140017371850496 hb_request_handler: HBREQ: ['MAIN_PHASE']-None-None SDX Closing: Missing a heartbeat on 0x7f5850942390 SDX Heartbeat Closing due to error on 0x7f5850942390 2020-07-29 16:07:22,894 sdxcontroller: 140017371850496 WARNING Removing connection Connection: address: 10.14.11.4 port: 44498 recv_cb: None recv_thread: None sock: None
WARNING:sdxcontroller:Removing connection Connection: address: 10.14.11.4 port: 44498 recv_cb: None recv_thread: None sock: None
2020-07-29 16:07:22,895 sdxcontroller: 140017371850496 DEBUG Local Controller Lost connection: ncsuctlr
DEBUG:sdxcontroller:Local Controller Lost connection: ncsuctlr
2020-07-29 16:07:22,899 sdxcontroller: 140017371850496 DEBUG Getting backup LC.

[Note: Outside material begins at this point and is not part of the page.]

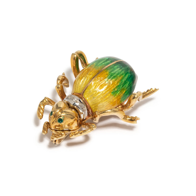 Consisting of a beetle with polychrome enamel body, containing three single cut diamonds. 1 inch x 1 1/4 inches.
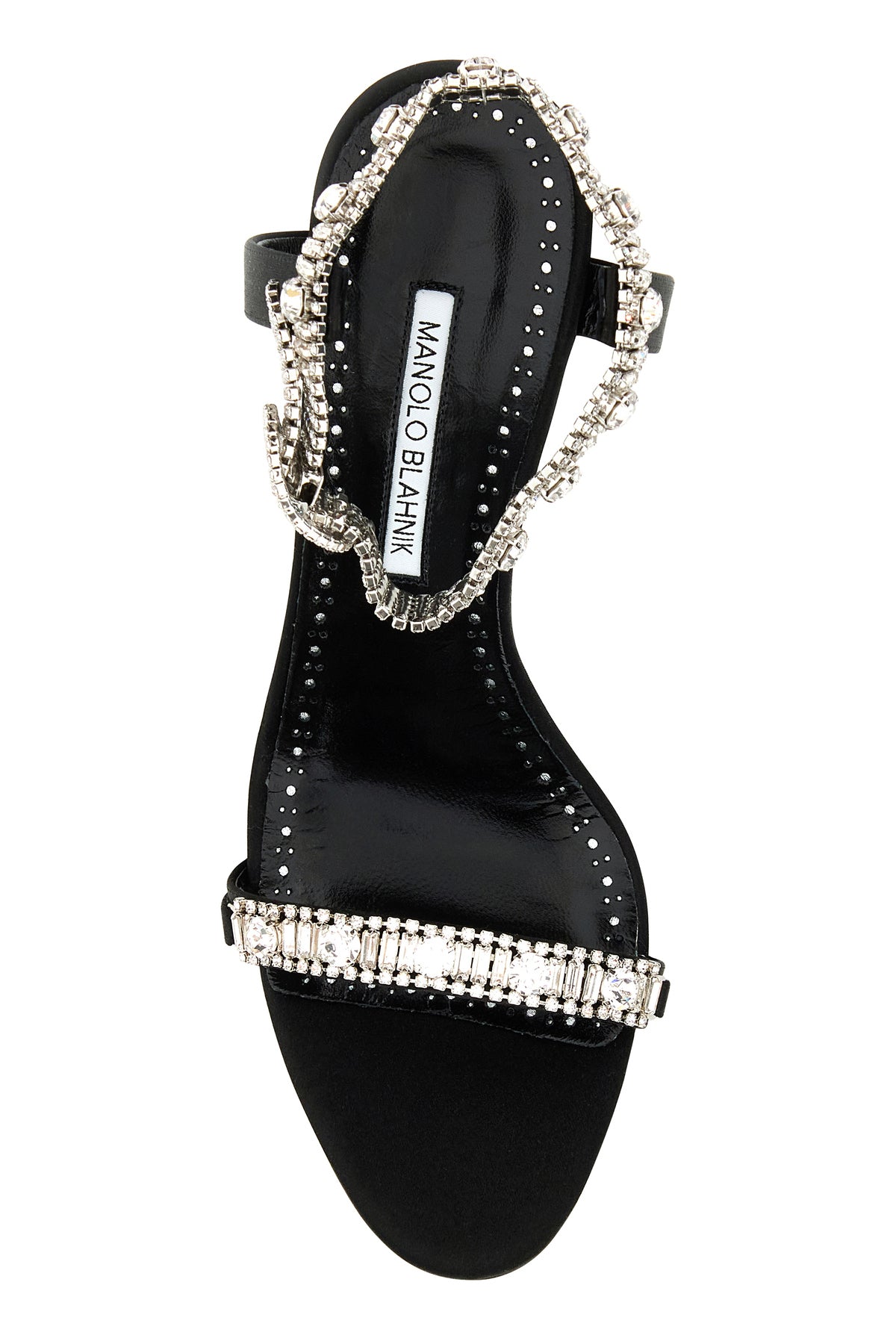 Sandals realized in satin enriched by jewel patches at the front and on the adjustable ankle strap.

DEBUG:sdxcontroller:Getting backup LC.
Traceback (most recent call last):
File "SDXController.py", line 423, in
With corrected manifest, exception above is not received anymore.
(1) LC shutdown and stateful recovery is validated in the RENCI testbed as the switches kept all the flow rules. (2) minuet runs into an issue due to port occupancy not cleared.
(3) in-disk database and manifest at the LC
(4) working on adding a backup port for the resiliency of management plane in the scenario of link failure, assuming one link failure at a time.